▶ **Given records**:

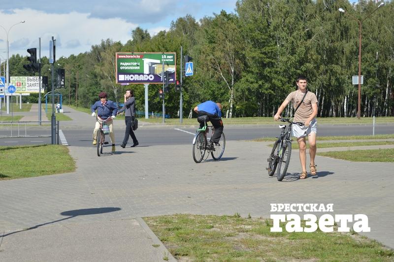 Кроме того, на главной улице города на пешеходных переходах есть разметка, позволяющая велосипедистам не спешиваться. Кстати, в ГАИ «БГ» рассказали, что такая разметка со временем появится и на других велодорожках города. Специальное место для езды на велосипедах есть и на Кобринском мосту.
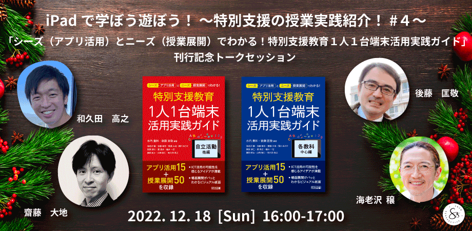 明治図書から発売されています「特別支援教育1人1台端末活用実践ガイド」。その刊行記念イベントとして月に1回実施してきた本イベントのVol.4が12月に開催されます。本シリーズ最終回である今回は私も登壇します。
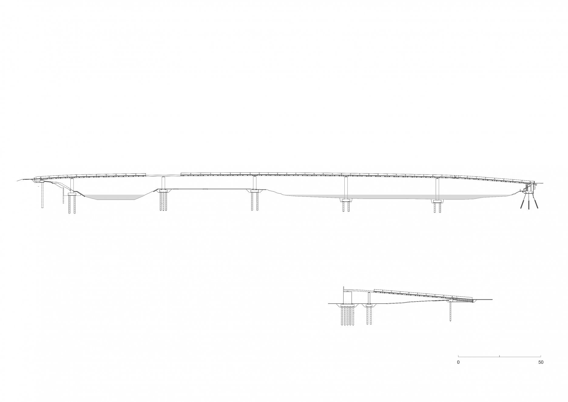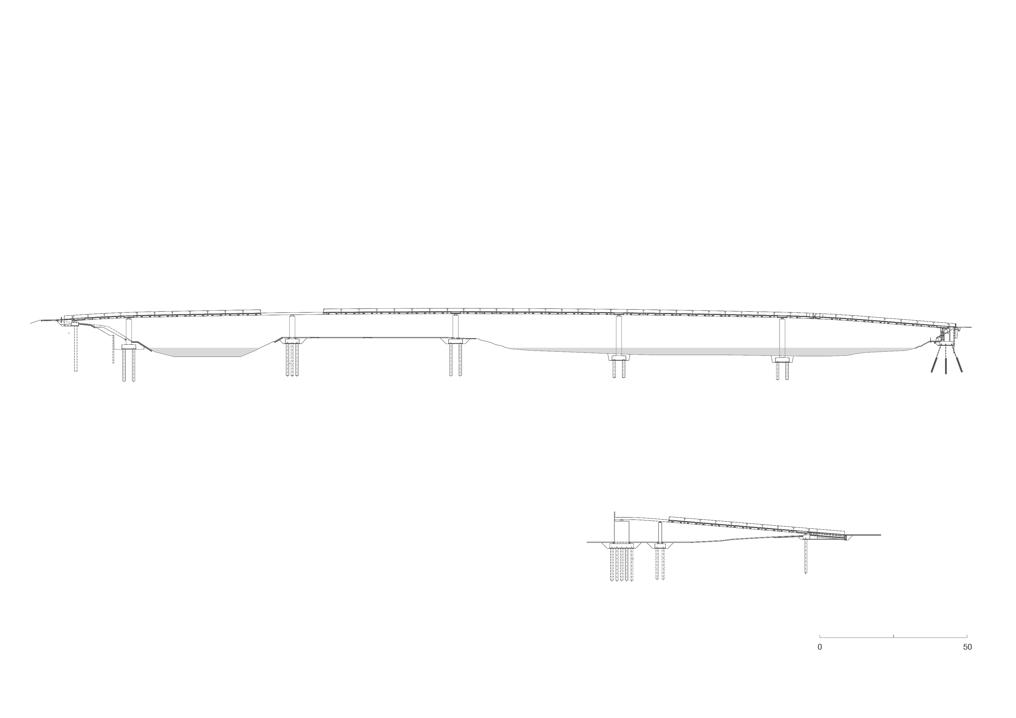 Hlavnú nosnú konštrukciu mosta tvorí spojitý nosník s pozdĺžnym predpätím a priečnym rezom v tvare písmena H. Plnostenné bočné parapetné nosníky zvierajú dosku mostovky, ktorú vystužujú priečne rebrá. Segmentovú konštrukciu mosta tvorí celkom 57 prefabrikátov.
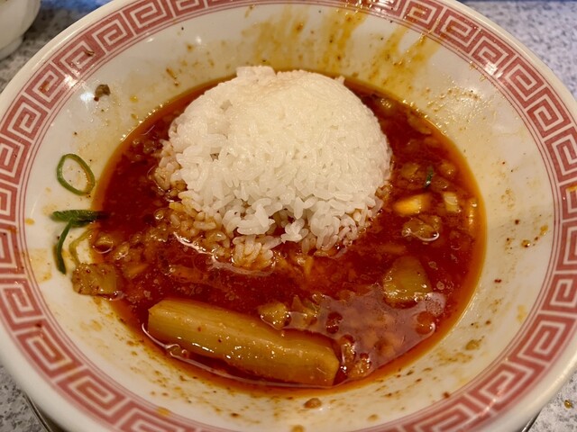 麺をすすり終えたあと「半ライス」を旨辛限界突破+1タレへダイブしてもらいました!
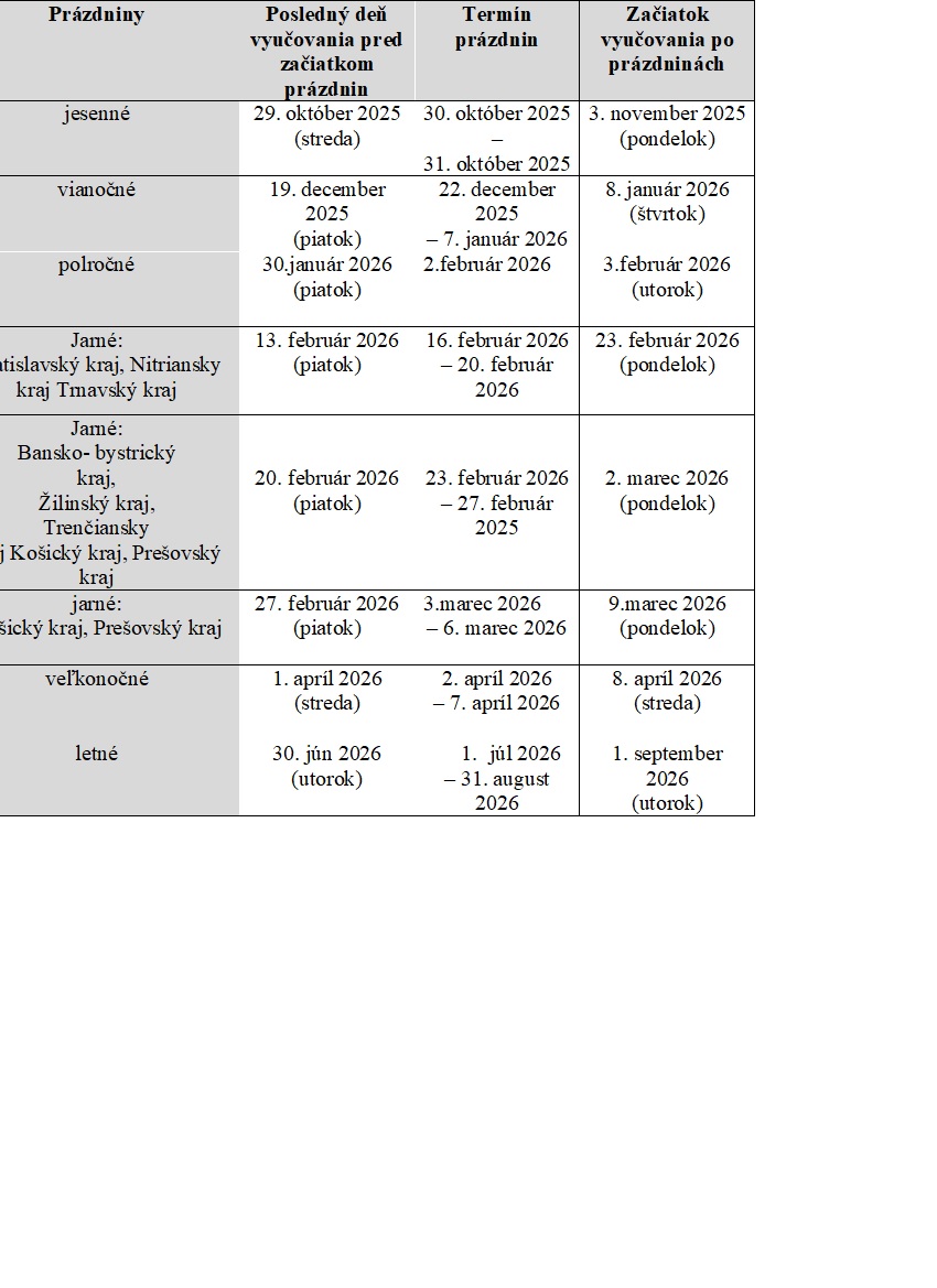 TERMÍNY ŠKOLSKÝCH PRÁZDNIN V ŠKOLSKOM ROKU 2025/2026
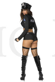 7 PC. includes: Zip up collar crop top with badge accents, shorts, belt, police hat, gloves, baton with attached hand cuffs
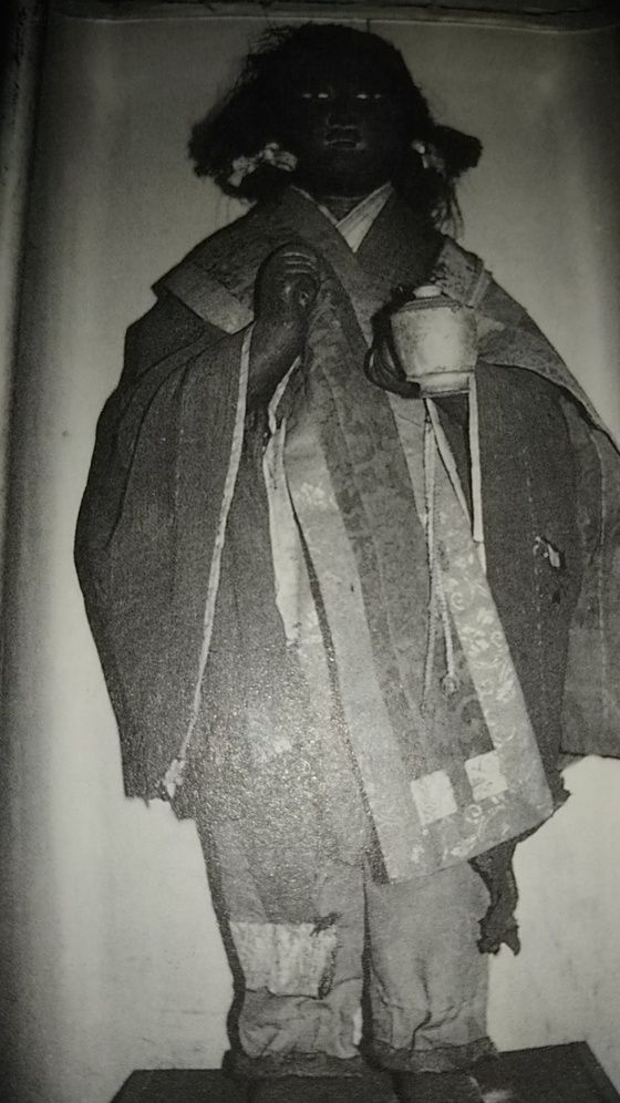 往古から信者に触られて顔が真っ黒になった聖徳太子像
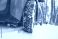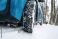 • Close-up of a winter tire on a blue vehicle, showcasing tread patterns in snow-covered terrain, emphasizing traction and winter driving conditions for safety and performance
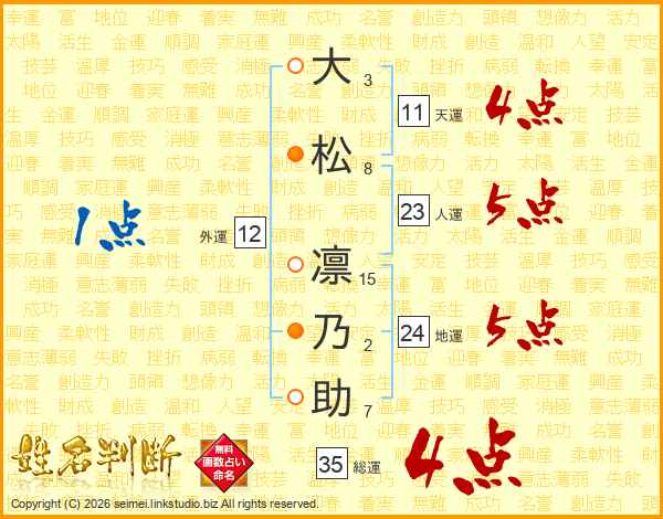 大松凛乃助さんの総運は35画の4点!
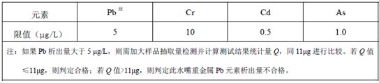 (3)HJ/T 411-2007《環(huán)境標(biāo)志產(chǎn)品技術(shù)要求 水嘴》主要對(duì)鎘、鉛、鉻、砷四種重金屬元素的析出量予以限定,限定要求如表3所示:
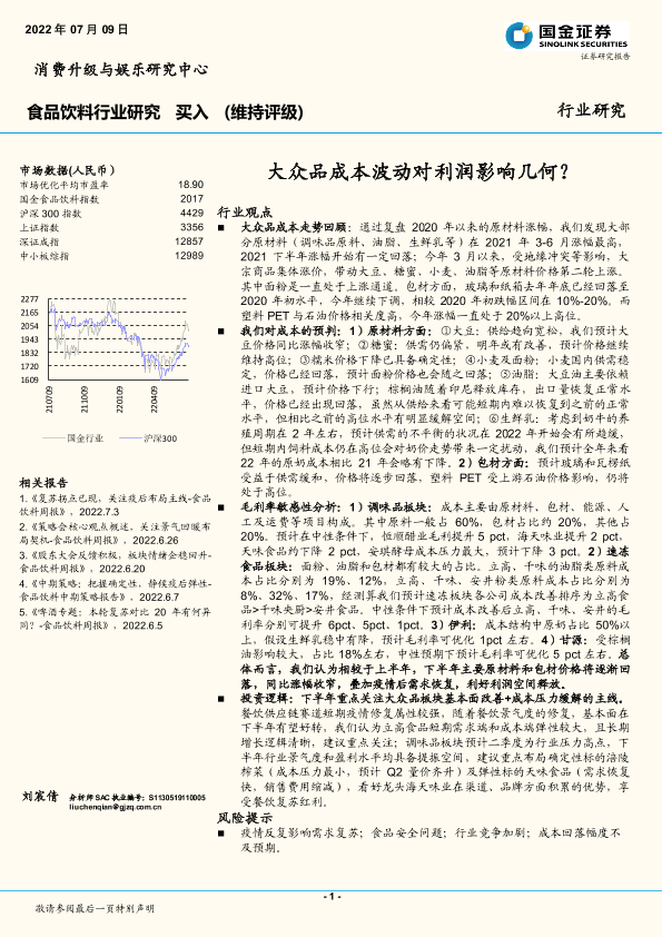 【国金证券】【20220709】20220709-国金证券-食品饮料行业研究:大众品成本波动对利润影响几何?-22页

▶ **Work task**:
Print, please, exactly the lines from the one holding "大松凛乃助さんの総運は35画の4点!" through the final line of the data, both included, while leaving out each picture.

▶ **Answer to this problem**:
 大松凛乃助さんの総運は35画の4点!
 (3)HJ/T 411-2007《環(huán)境標(biāo)志產(chǎn)品技術(shù)要求 水嘴》主要對(duì)鎘、鉛、鉻、砷四種重金屬元素的析出量予以限定,限定要求如表3所示:
 【国金证券】【20220709】20220709-国金证券-食品饮料行业研究:大众品成本波动对利润影响几何?-22页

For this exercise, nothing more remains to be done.